First of all the woman being interviewed insists that she is not a prostitute (or prostituted woman as many survivors prefer to be known) but an escort. When asked what the difference is she explains that (1) she worked indoors on the streets and that (2) she didn't wear high boots. Later she describes being physically forced to have unprotected sex against her will. The interviewer (less than tactfully) suggests "that's rape" and she responds saying she didn't see it that way because she was paid.

Now evidently what is happening is that she is in deep deep denial of what she goes through. But this is totally unsurprising - people in unbearable situations develop multiple personalities issues to allow them to "be someone else" during the awful bits. We know that many rape victims convince themselves that what they have experienced isn't rape as a coping mechanism.
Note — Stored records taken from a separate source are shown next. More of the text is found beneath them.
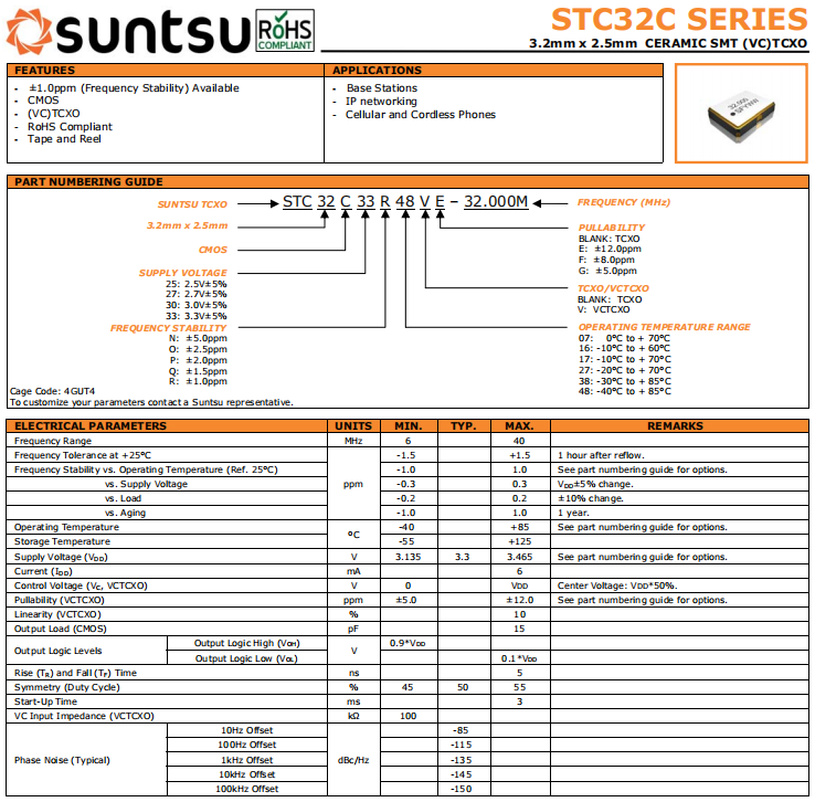 suntsu晶振,STC32C晶振,VC-TCXO振蕩器.3225mm體積非常小的SMDcrystal器件,是民用小型無線數(shù)碼產(chǎn)品的最佳選擇,小體積的晶振被廣泛應(yīng)用到,手機(jī)藍(lán)牙,GPS定位系統(tǒng),無線通訊集,高精度和高頻率的穩(wěn)定性能,非常好的減少電磁干擾的影響,是民用無線數(shù)碼產(chǎn)品最好的選擇,符合RoHS/無鉛.
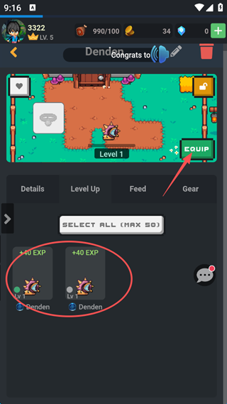 7、宠物可以通过打怪升级,也可以点击屏幕右侧偏上的“EQUIP”装备宠物。
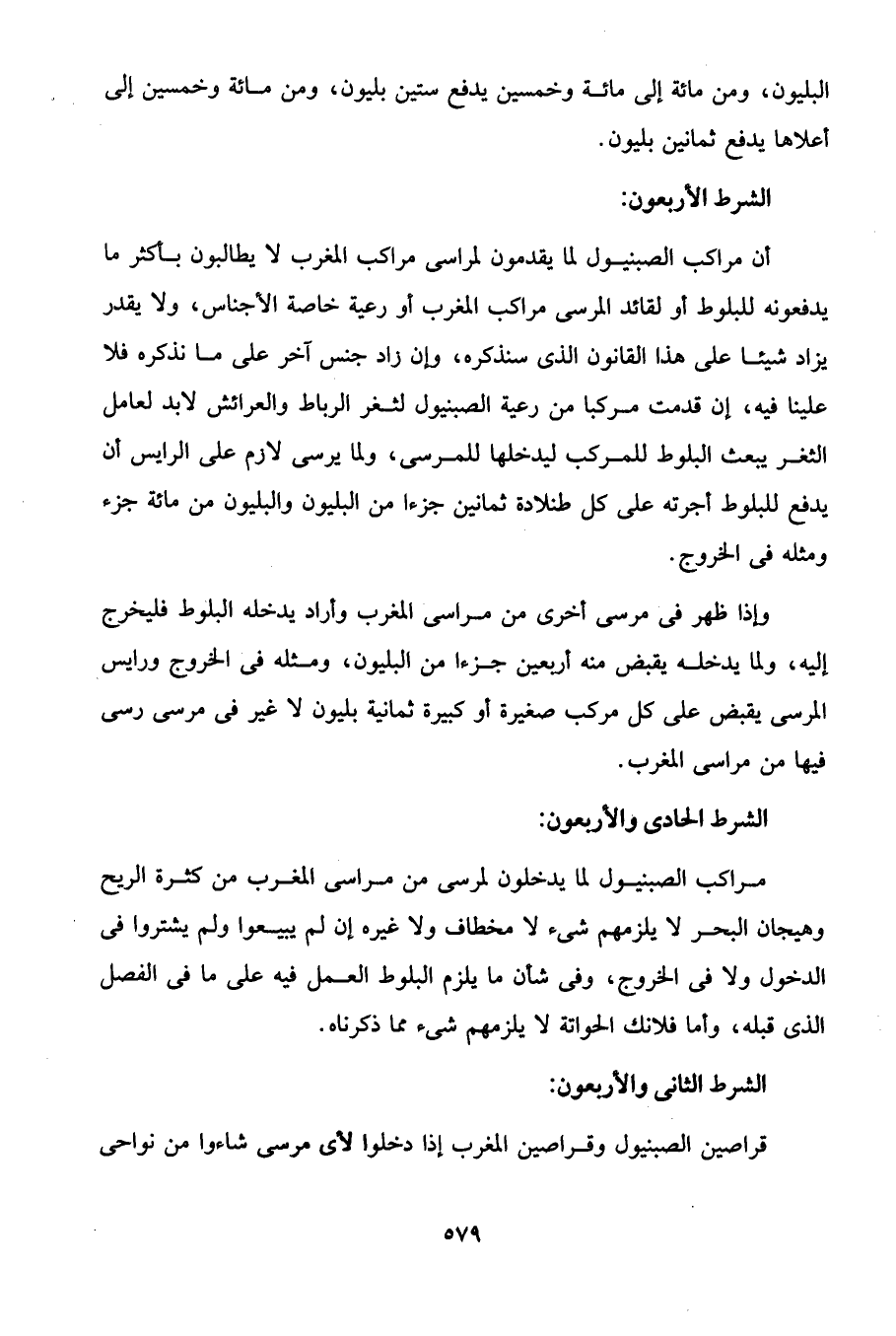 أن مراكب الصبنيول لما يقدمون لمراسى مراكب المغرب لا يطالبون بأكثر ما يدفعونه للبلوط أو لقائد المرسى مراكب المغرب أو رعية خاصة الأجناس، ولا يقدر يزاد شيئا على هذا القانون الذى سنذكره، وإن زاد جنس آخر على ما نذكره فلا علينا فيه، إن قدمت مركبا من رعية الصبنيول لثغر الرباط والعرائش لابد لعامل الثغر يبعث البلوط للمركب ليدخلها للمرسى، ولما يرسى لازم على الرايس أن يدفع للبلوط أجرته على كل طنلادة ثمانين جزءا من البليون والبليون من مائة جزء ومثله في الخروج.
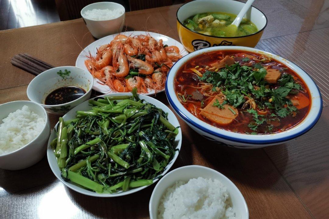 毛血旺 水煮台湾虾 清炒空心菜 剩鸡汤煮丝瓜
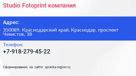 Studio Fotoprint, компания по адресу 350089, Краснодарский край, Краснодар, проспект Чекистов, 38 в дальнейшем Организация, размещена в следующих категориях:
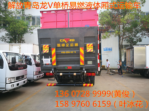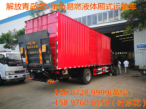 國五解放青島龍V單橋易燃液體廂式運輸車圖片
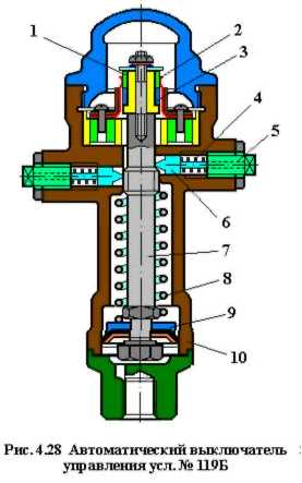 АВУ № 119Б состоит из корпуса 10, в котором находится поршень 9, закрепленный на стержне 7 и нагруженный пружиной 8. В корпусе находятся также упругие скользящие контакты 2 и два конических стопора 6, нагруженные пружинами 4, затяжка которых может изменяться регулировочными винтами 5. На стержне 7 расположены изоляционное кольцо 1 и металлическое кольцо 3. Конические стопоры 6 служат для регулирования давления сжатого воздуха, при котором замыкаются и размыкаются электрические контакты 2.
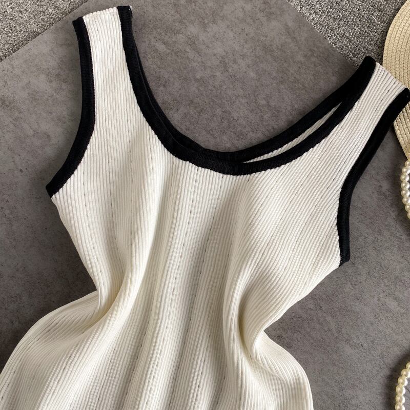 夏の女性のパッチ O ネックタンクトップボディコンニットボタンシンプルなストレッチキャミソールノースリーブ Tシャツ女性 サマー 夏物 Oネック Abe16748432887

Should we be surprised that victims of repeated systematic rape and other abuses use euphemistic language to help them survive their experiences?

And bear in mind the stigma attached to words like "prostitute" and "rape victim". While men who pay for sex and rapists are often hailed as hyper-masculine. My boxing gym still has Mike Tyson's face on the wall and Wayne Rooney still plays top flight football and appears with his glamourous "WAG" wife in magazines like "Hello".

We have to distinguish however between being respectful to those who have had traumatic experiences and wish to chose their own language to describe them and those who are in fact defending the "right" of abusers to carry on abusing.

1 comment:

JENNIFER DREW said...

Agree we do have to be careful not to pathologise women who are or were involved in prostitution but at the same time it is essential we focus on why prostitution is now perceived as 'just work.'

Certainly many female survivors of male violence find it very difficult to face the reality that they were victimised and it is because the word 'victim' has been so stigmatised by our male supremacist system that many women do not want to recognise the fact they did not have the power to prevent a male(s) from raping/committing other forms of violence against them.

However neo-liberals do not want to focus on how power continues to be held by men as a group, instead they insist that women and men have equal rights and equal opportunities.

This is why it is vital we focus on how and why our male supremacist system maintains male domination over women and how it operates by stigmatising women involved in prostitution but simultaneously ignoring the real issue - which is male demand.

Indeed there is a danger of accepting whatever any woman says about her experiences of male violence and thereby not providing her with a way of recognising what little if any 'choice' or 'agency' she had to prevent herself from being subjected to male sexual violence.

We do not routinely inform anyone who has burgled that they 'chose' to allow the burglar to rob them but we must supposedly accept uncritcally, women's coping strategies when they deny they were subjected to male sexual violence.

Who benefits if we uncritically accept women 'choose' to enter prostitution? Why men of course because such uncritical acceptance does not challenge male pseudo sex right to women. Slavery is now seen as a violation of women's and men's human rights but that does not prevent many enslaved women and men from believing they 'chose' to become slaves because they prefer to believe they had a 'choice' even when none existed.

This is what coping strategies mean - they are used by women who are victimised by men and the male supremacist system to maintain their belief in having autonomy and agency - even when none exists. To be totally powerless is something no one wants to experience - hence a victim has to deny they were powerless and reduced to being controlled by a more powerful person.

That is why feminism is seen as so dangerous to the male supremacist system because it does not focus on individual women's experiences per se but looks at the bigger picture - how male domination and male power over women is justified and excused. It also means not accepting uncritically everything a female survivor of male violence says but rather seeks to enable the female survivor to understand what happened to her, rather than perpetuating the lie that she has 'agency and choice' when in fact none exists. But it does not mean bluntly telling a woman survivor of men's violence she was a 'victim' because this only reinforces her belief she was responsible not the male perpetrator. It takes time for female survivors of men's violence to recognise who is responsible and not all female survivors will accept this - our system is designed to ensure male perpetrators' actions are always invisibilised and it is always the female victim who is supposedly responsible.